Rumours suggest that Microsoft will release their own Surface smartphone in 2017

Microsoft could be about to make their own bid for the smartphone market, as rumours suggest the Surface Phone is almost ready for trial production.

CEO Satya Nadella indicated in an interview with the Australian Financial Review, that Microsoft was already working on the "ultimate mobile device", which, given the types of devices already available in the Surface range, likely points to the long rumoured Surface Phone.

Now reports by China's Commercial Times suggest that Pegatron, a production firm used extensively by Apple, will work alongside Microsoft and is ready to begin trials of the new Surface smartphone. The newspaper has also reported that the Surface Phone will be announced sometime in 2017, with a likely release date in late 2017 or early 2018.

Possible specs have also been hinted at by the typically reliable Nokia Power User website, which, if true, points to one powerful device. Sources testing the devices have claimed Qualcomm's Snapdragon 835 processor, also rumoured to ship with the upcoming Galaxy S8, will power the Surface Phone. It will support Quick charging 4.0 and could ship with model variants of 4GB and 6GB RAM.

In terms of software, we are likely looking at the latest Windows 10 using the 64-bit mobile version to take advantage of all that RAM. The phone could even be capable of running 32-bit versions of Windows apps, including Cortana.

While no exact measurements have been taken, the device appears to feature a 5.5in screen and QHD display, according to NPU sources.

As these are just rumours it is impossible to say what the final Surface Phone will look like.
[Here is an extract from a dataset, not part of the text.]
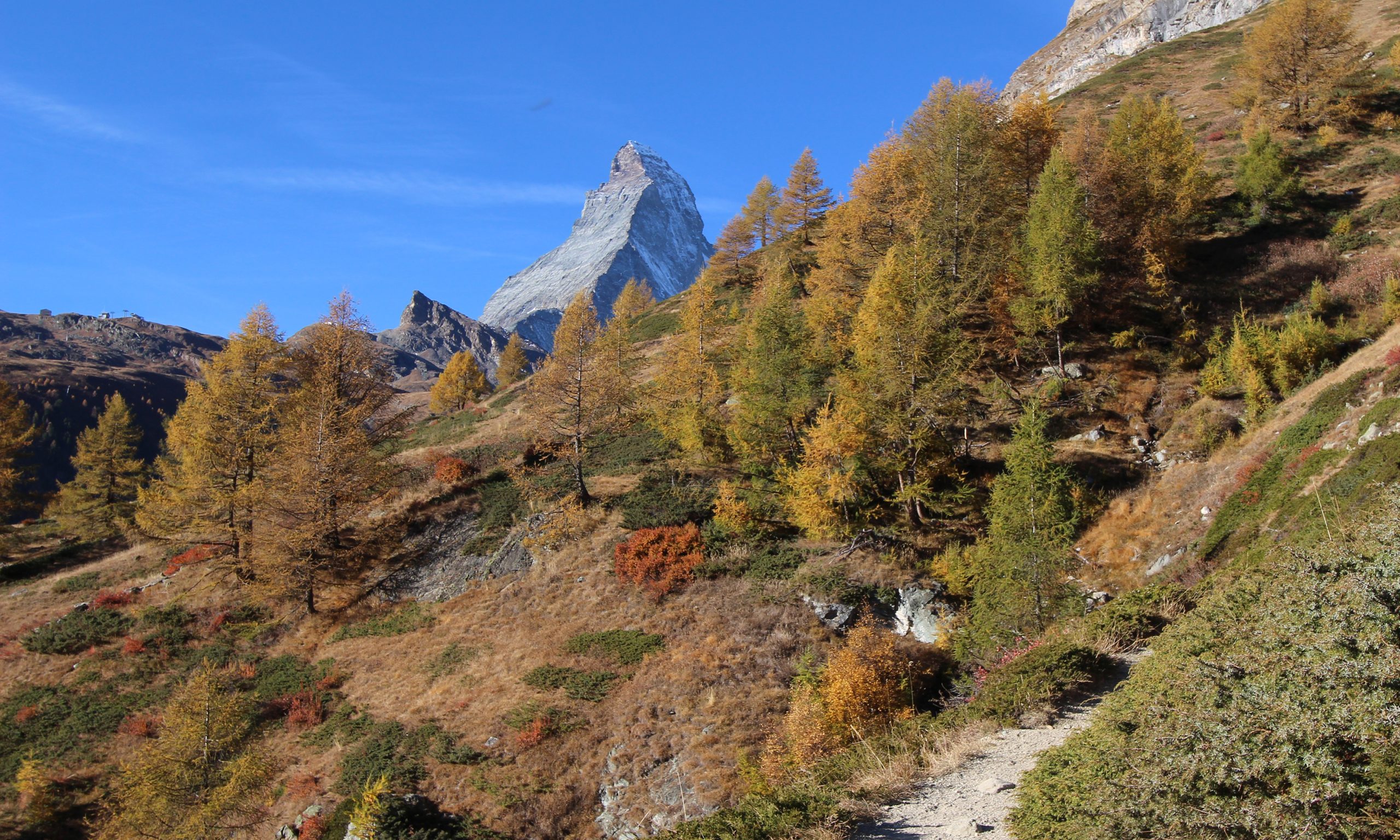 Rechts geht’s dagegen Richtung „Zermatt Kirche“ hinunter, wobei man einen Abstecher zum grossen Kreuz oberhalb des Ortes einlegen sollte. Vorbei am Hotel The Omnia kommen wir zur Bodmenstraße, an der die neugotische Englische Kirche an Charles Hudson und Douglas Robert Hadow, zwei weitere verunglückte Matterhorn-Erstersteiger, erinnert. Im nahen Ortszentrum von Zermatt gelangen wir links zum Bahnhof. 1:30 h.

But if initial reports are true, we are looking at a device that could rival the upcoming Galaxy S8 that is already pinned to be one of the most powerful smartphones available.

Microsoft will be hoping to make a big impact on the smartphone market, particularly after the ill-fated buyout of Nokia's handset business in 2014, which cost the firm over $7.6 billion and almost wiped out the entire value of the deal.